Pointing out the importance of certain objectives and putting highlight level plays into perspective can go a much longer way than bombarding a newcomer with only borderline relevant information. 

This is where sportsbooks can use their own medium to great effect. By offering specific betting options, such as “Which team will kill the first dragon?” or “Which team will win the pistol round?” and providing information, kind of like quick tutorials, regarding the relevance of these events, sportsbooks can introduce basic concepts that are visually easy to recognise to a broader audience and give many bettors, who were previously uninterested in esports, easy to understand avenues into the world of esports.

3. Loud and Proud

The main issue with what was stated before, however, can still be to get people to take a look at esports in the first place. Why bother watching or betting on esports, when there are so many other sports already? 

Perhaps the answer to that question can be found in another: What made you interested in a sport in the first place?

Personally, there is pretty much only one thing I like just about as much as video games, and that is football. When I was a child, every other kid around me also played football and while I was never particularly good at it, hanging out with my friends and kicking a ball around was great fun. That got me interested in professional football and I ended up watching some matches, first on the TV, then later live in stadiums. Fast forward to now and there is not a single home game of my favourite team that I miss. 

It’s the atmosphere in the stadium, 10s of thousands of fans coming together and our collective passion for the game that drives my interest in the sport. It’s the people around me that make me want to be up to date with the latest news and rumours and that make me enjoy watching the sport. The actual matches have become secondary.

We are still ways away from esports being as widely respected in society as football or any other traditional sports. But the interest, the passion of esports fans in it has not simply materialised out of thin air. It stems from trying the games out for themselves, finding friends to play and talk about the game with and experiencing the passion of the community around it, just like it did for any other fan of any other sport. 

Unlike any other sport, however, that kind of passion for esports is still too rarely seen in society. Young kids and adults are far too often still afraid to be branded as the nerd and being an outcast when admitting to being a gamer and esports enthusiast. That makes it difficult for fans to find each other and for that wave of passion and enthusiasm for esports to transfer over to those with little to no experience with it.

So what esports truly needs to attract new fans, especially those of older ages, is a certain pride we can already see in fans of traditional sports.

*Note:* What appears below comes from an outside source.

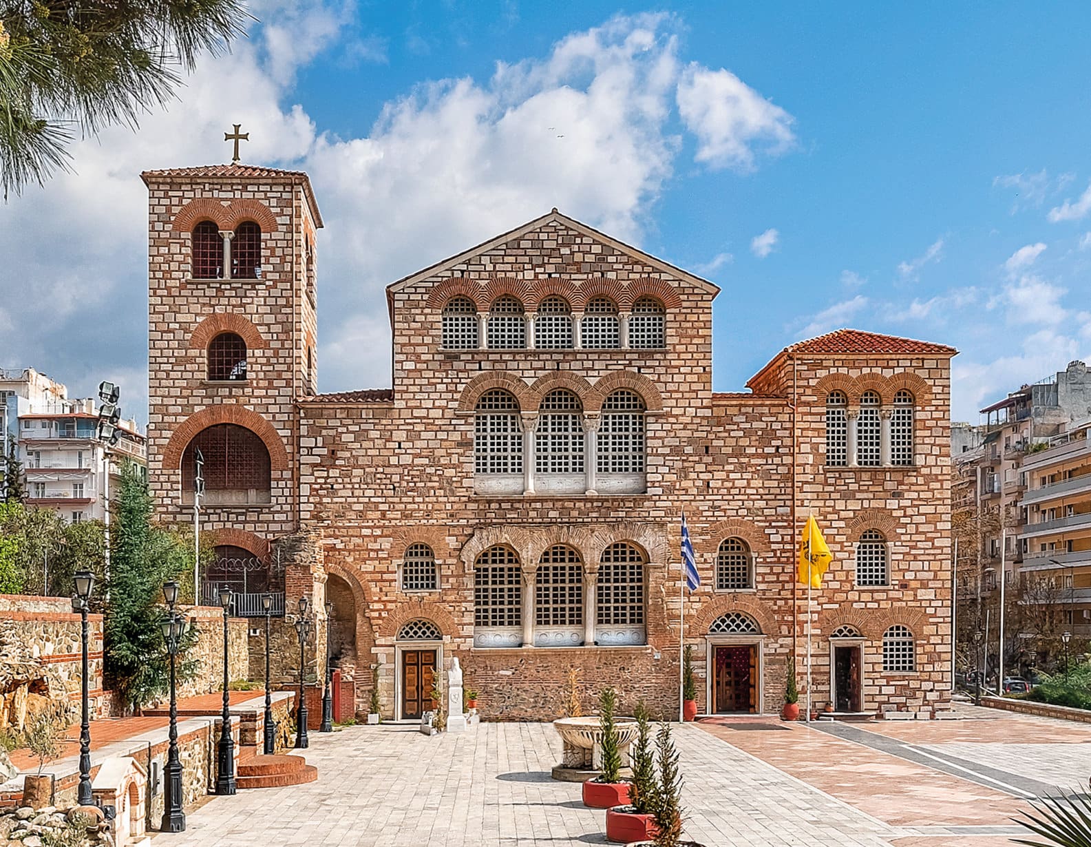 Ο περιώνυμος ναός του Αγίου Δημητρίου, του θαυματουργού και πολιούχου αγίου της Θεσσαλονίκης, αποτελεί ήδη από την πρωτοβυζαντινή περίοδο ένα από τα σημαντικότερα προσκυνηματικά κέντρα της Ορθόδοξης Χριστιανικής Εκκλησίας. Ανήκει στον αρχιτεκτονικό τύπο της πεντάκλιτης βασιλικής με εγκάρσιο κλίτος και διατηρεί πλούσιο ανάγλυφο αρχιτεκτονικό διάκοσμο και ορθομαρμαρώσεις, εντοίχια ψηφιδωτά και τοιχογραφίες -έργα διαφόρων περιόδων με ιδιαίτερη ιστορική, θρησκευτική και καλλιτεχνική αξία. Σύμφωνα με την αγιολογική παράδοση η ίδρυση του ναού ανάγεται στις αρχές του 5ου αι., όταν ο έπαρχος του Ιλλυρικού Λεόντιος ανακαίνισε το μαρτύριο που ανηγέρθη μετά το διάταγμα της ανεξιθρησκίας (313μ.Χ.) στον τόπο όπου ετάφη ο πολιούχος και θαυματουργός άγιος της Θεσσαλονίκης. Περί το 620 ο ναός υπέστη μερική καταστροφή από πυρκαγιά και άμεσα ανακαινίσθηκε υπό την εποπτεία των εκκλησιαστικών και κοσμικών αρχών της πόλης. Τον 9ο – 10ο αι. νοτίως του ιερού της βασιλικής προσαρτήθηκε παρεκκλήσιο αφιερωμένο στον άγιο Ευθύμιο, που τοιχογραφήθηκε το 1303 με δαπάνες του πρωτοστράτορα Μιχαήλ Γλαβά Ταρχανειώτη και της συζύγου του Μαρίας. Ο ζωγραφικός διάκοσμος του παρεκκλησίου, έργο προικισμένου καλλιτέχνη, αποπνέει την υψηλή αισθητική και τη δυναμική της παλαιολόγειας αναγέννησης. Κατά την περίοδο 1492/3-1912 ο ναός του Αγίου Δημητρίου λειτούργησε ως οθωμανικό τέμενος με την ονομασία Κασιμιγιέ (Kasimiye) τζαμί. Η πυρκαγιά του 1917 κατέστρεψε μεγάλο μέρος της βασιλικής, η ανοικοδόμηση της οποίας ολοκληρώθηκε το 1948.

That willingness of esports fans to represent the colors of the teams they support and to talk other people’s ears off should they happen to ask a question about it. 

For esports to become a matter of course in public news and peoples conversations. For it to be presented in the media and by sportsbooks as the next big thing that already is. And for it to step out of the shadows of its traditional counterparts to take its place as an equal.

So that the answer why you should bother watching and betting on esports may be: Because everyone else around me is doing it too.